[Data excerpt — start]
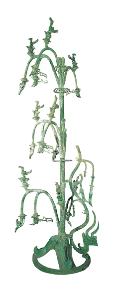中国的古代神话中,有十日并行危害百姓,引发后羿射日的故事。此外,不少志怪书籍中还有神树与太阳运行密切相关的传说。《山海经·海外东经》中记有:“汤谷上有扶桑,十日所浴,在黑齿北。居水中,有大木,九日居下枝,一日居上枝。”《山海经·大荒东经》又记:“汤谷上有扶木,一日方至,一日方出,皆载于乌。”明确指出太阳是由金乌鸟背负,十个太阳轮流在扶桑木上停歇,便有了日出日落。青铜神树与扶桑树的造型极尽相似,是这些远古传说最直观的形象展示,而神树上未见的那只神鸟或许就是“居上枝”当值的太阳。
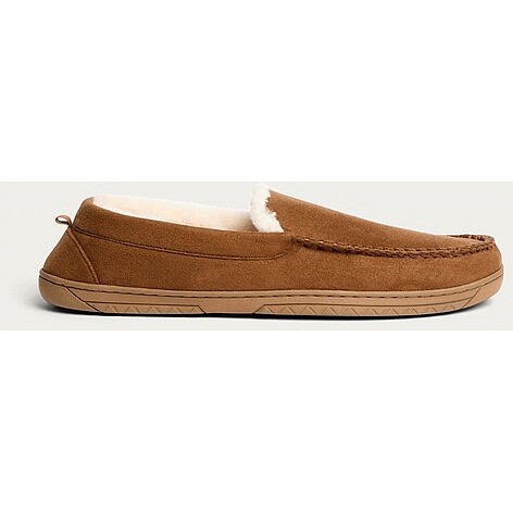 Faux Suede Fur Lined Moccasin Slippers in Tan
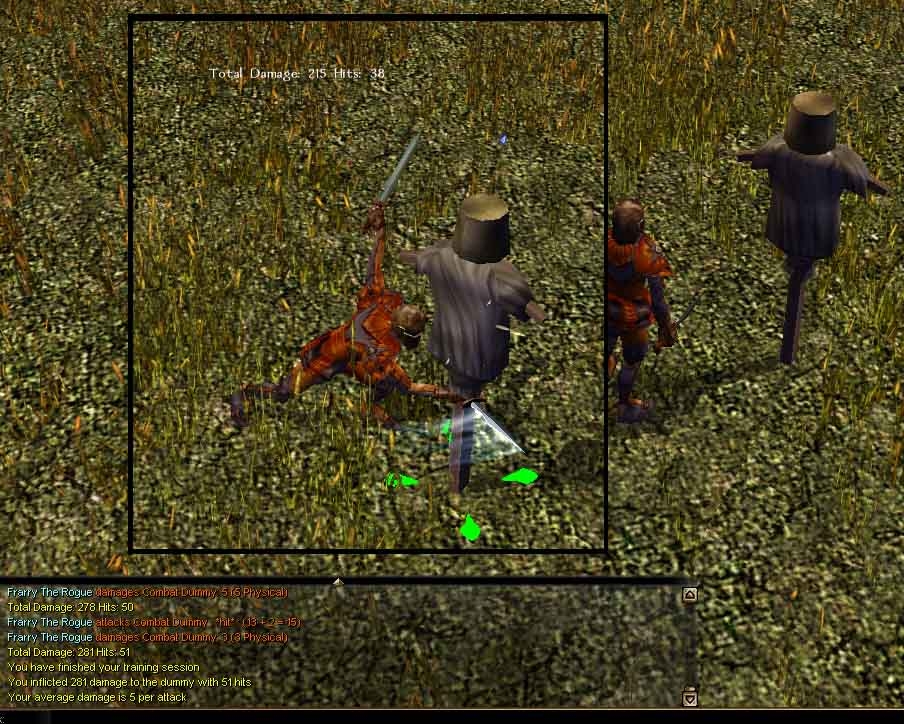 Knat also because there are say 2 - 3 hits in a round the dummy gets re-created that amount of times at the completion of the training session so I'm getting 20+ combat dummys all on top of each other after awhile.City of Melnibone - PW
[Data excerpt — finish]
→ Work item:
Give the data again exactly, without pictures.

→ Exercise solution:
中国的古代神话中,有十日并行危害百姓,引发后羿射日的故事。此外,不少志怪书籍中还有神树与太阳运行密切相关的传说。《山海经·海外东经》中记有:“汤谷上有扶桑,十日所浴,在黑齿北。居水中,有大木,九日居下枝,一日居上枝。”《山海经·大荒东经》又记:“汤谷上有扶木,一日方至,一日方出,皆载于乌。”明确指出太阳是由金乌鸟背负,十个太阳轮流在扶桑木上停歇,便有了日出日落。青铜神树与扶桑树的造型极尽相似,是这些远古传说最直观的形象展示,而神树上未见的那只神鸟或许就是“居上枝”当值的太阳。
 Faux Suede Fur Lined Moccasin Slippers in Tan
 Knat also because there are say 2 - 3 hits in a round the dummy gets re-created that amount of times at the completion of the training session so I'm getting 20+ combat dummys all on top of each other after awhile.City of Melnibone - PW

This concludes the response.